Вскоре генерал уехал. Прощаясь, он сказал Эмме Густавовне, чтобы она не опасалась никаких притеснений со стороны оккупационных властей.

– Все, кто нужно, мною предупреждены, – сказал он. – Однако я и мои друзья оставляем за собой право ходить к вам в гости. И вы уж поймите, пожалуйста, нас, попавших на чужбину. Дли нас ваш дом как остров в черном океане.

– Прошу вас, не стесняйтесь, – лепетала Эмма Густавовна.

Генерал поцеловал ей руку.

– Ради бога, не провожайте меня, – сказал он. – Я уже чувствую себя здесь как дома.

Хлопнула наружная дверь, взревел мотор автомобиля, и все стихло.

Эмма Густавовна смущенно смотрела на Шрагина.

– Все–таки это ужасно! – проговорила она устало. – Мне иногда кажется, что я вижу все это во сне.

Глава 11

Зина – так звали девушку, работавшую на бирже, – воспитывалась в детдоме. После окончания детдомовской семилетки она приехала в этот город, стала работать уборщицей в больнице и сразу же поступила в школу медсестер. Кончить школу помешала война.

Зина пошла в военкомат, пыталась попасть в армию, но вместо этого ее отправили на рытье оборонных сооружений. Так она остались в городе.
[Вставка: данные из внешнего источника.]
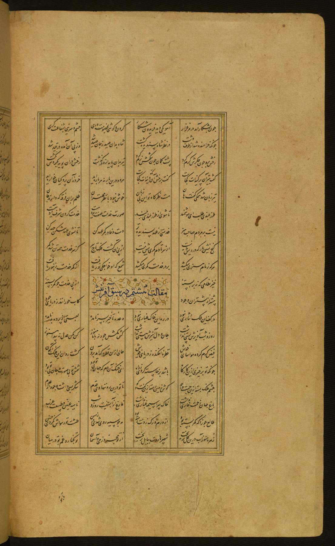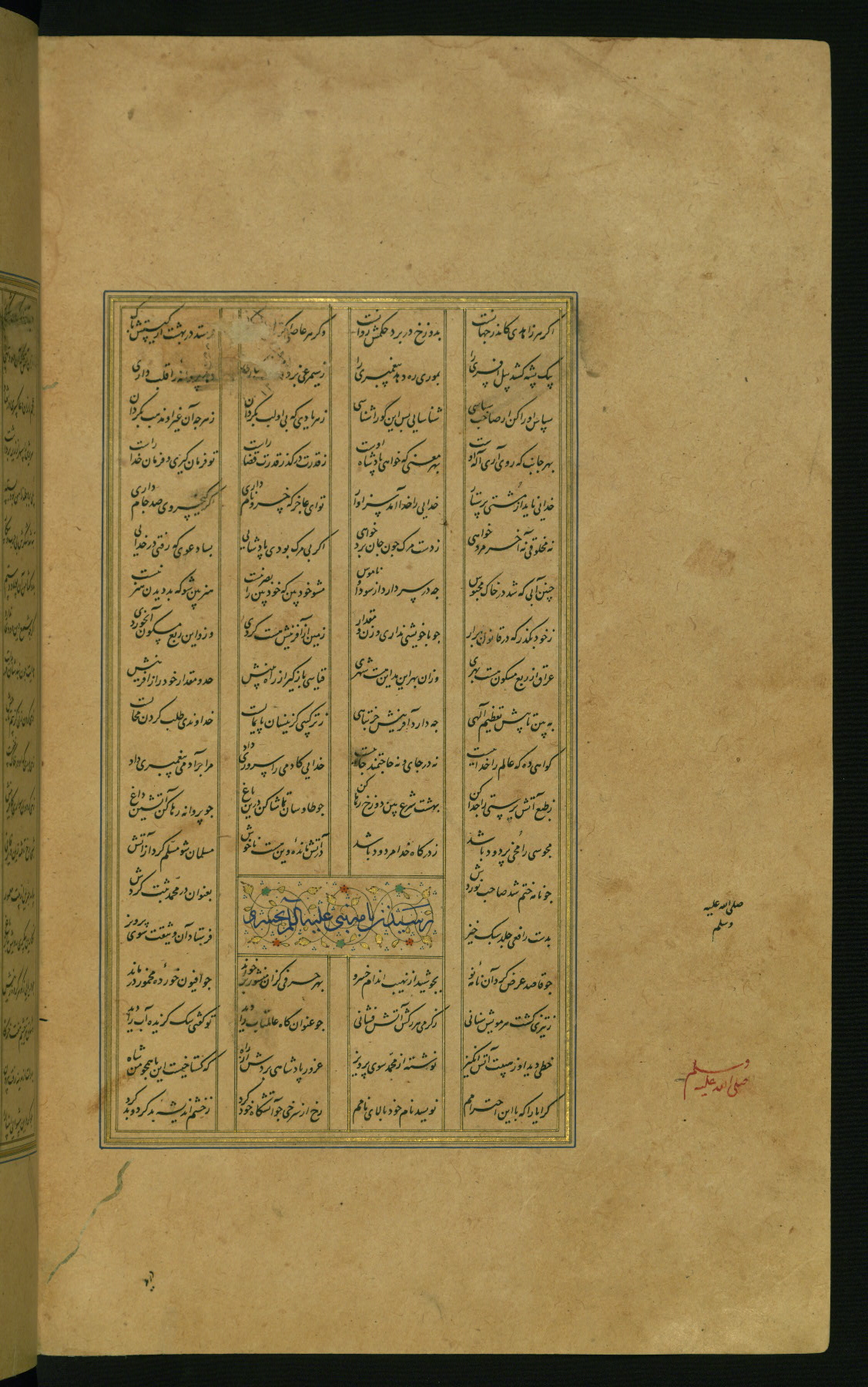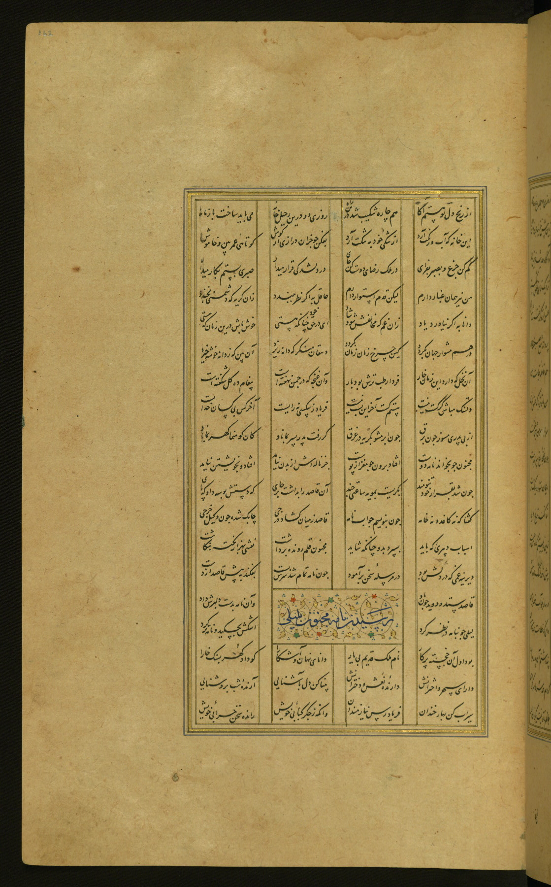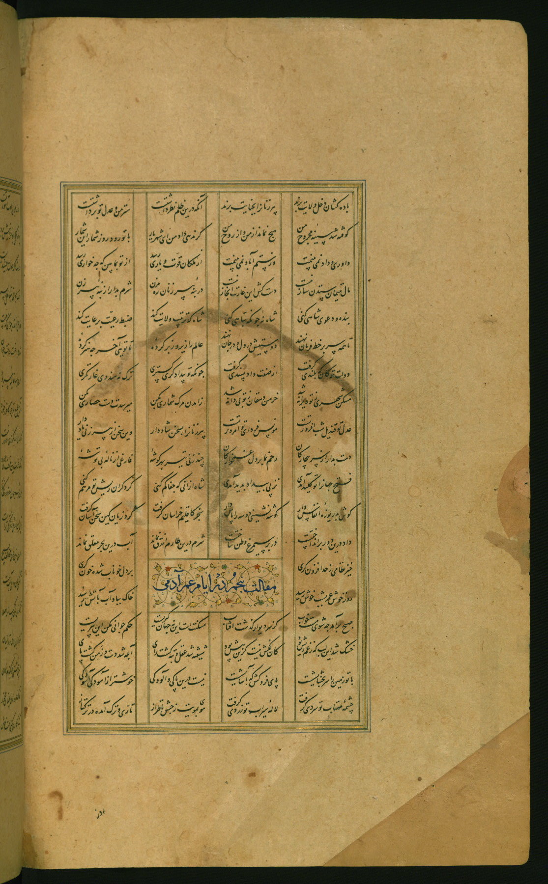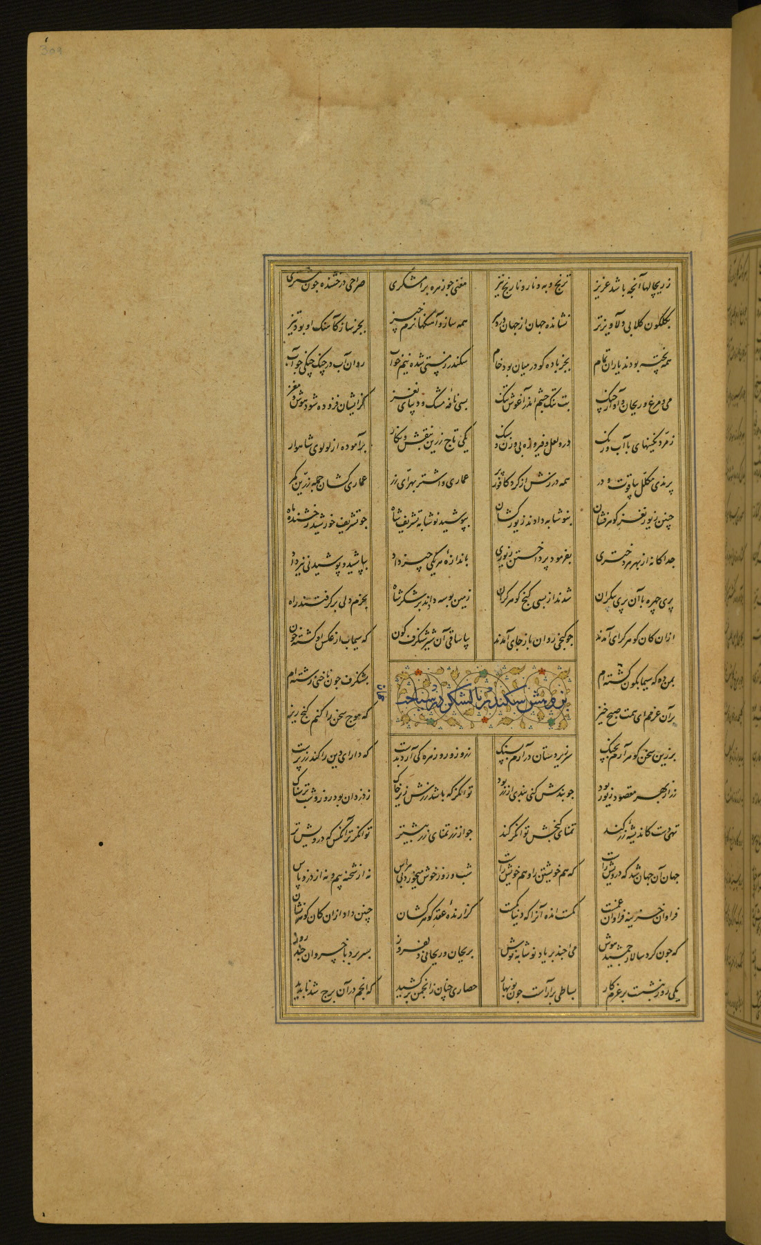 This illuminated and illustrated copy of the Khamsah (quintet) of Niẓāmī Ganjavī (d. 605 AH / 1209 CE) was written by Yār Muḥammad al-Haravī in 922 AH / 1516 CE. Written in four columns in black nastaʿlīq script, this manuscript opens with a double-page illuminated frontispiece signed by ʿAbd al-Wahhāb ibn ʿAbd al-Fattāḥ ibn ʿAlī. It contains thirty-five illustrations that were repainted in India during the twelfth century AH / eighteenth CE. The seal of Muḥammad Asharf ibn Muḥammad Khātam al-Ḥusaynī, dated 1173 AH / 1759-60 CE appears on fols. 1a and 401a. It is possible that the brown leather binding with center and side panels brushed with gold is original to the manuscript but was repaired at a later stage in the codex's history.

На бирже, куда устроилась Зина, было два начальника: один – немецкий, недосягаемый для Зины, хмурый немец с искусственным стеклянным глазом – господин Харникен; другой – русский, в недавнем прошлом заведующий городской баней, Прохор Васильевич, который принял Зину на работу и звал ее теперь не иначе, как дочка. А Зина за глаза называла его Легавым – за то, что он самым непонятным образом чуял, когда приближался господин Харникен. Тогда у него сразу поднималось ухо, он весь преображался, вскакивал из–за стола, втягивал живот и преданно смотрел на дверь. Именно в этот момент и появлялся немецкий директор.

– Встать! – кричал Легавый и уже тихо и почтительно произносил: – Здравствуйте, господин Харникен.

Немец кивал головой и торжественно проходил в свой кабинет.

В первые дни Зина не очень–то задумывалась над тем, что произошло. Но все же скоро она поняла, что и с ней и со всем городом случилось огромное несчастье. Работая на бирже, она раньше других узнала, что немцы готовят отправку работоспособных горожан в Германию. «Их там, как рабов, будут продавать», – сказала Зине Вера Ивановна, пожилая женщина, в прошлом учительница, а теперь такая же, как Зина, учетчица.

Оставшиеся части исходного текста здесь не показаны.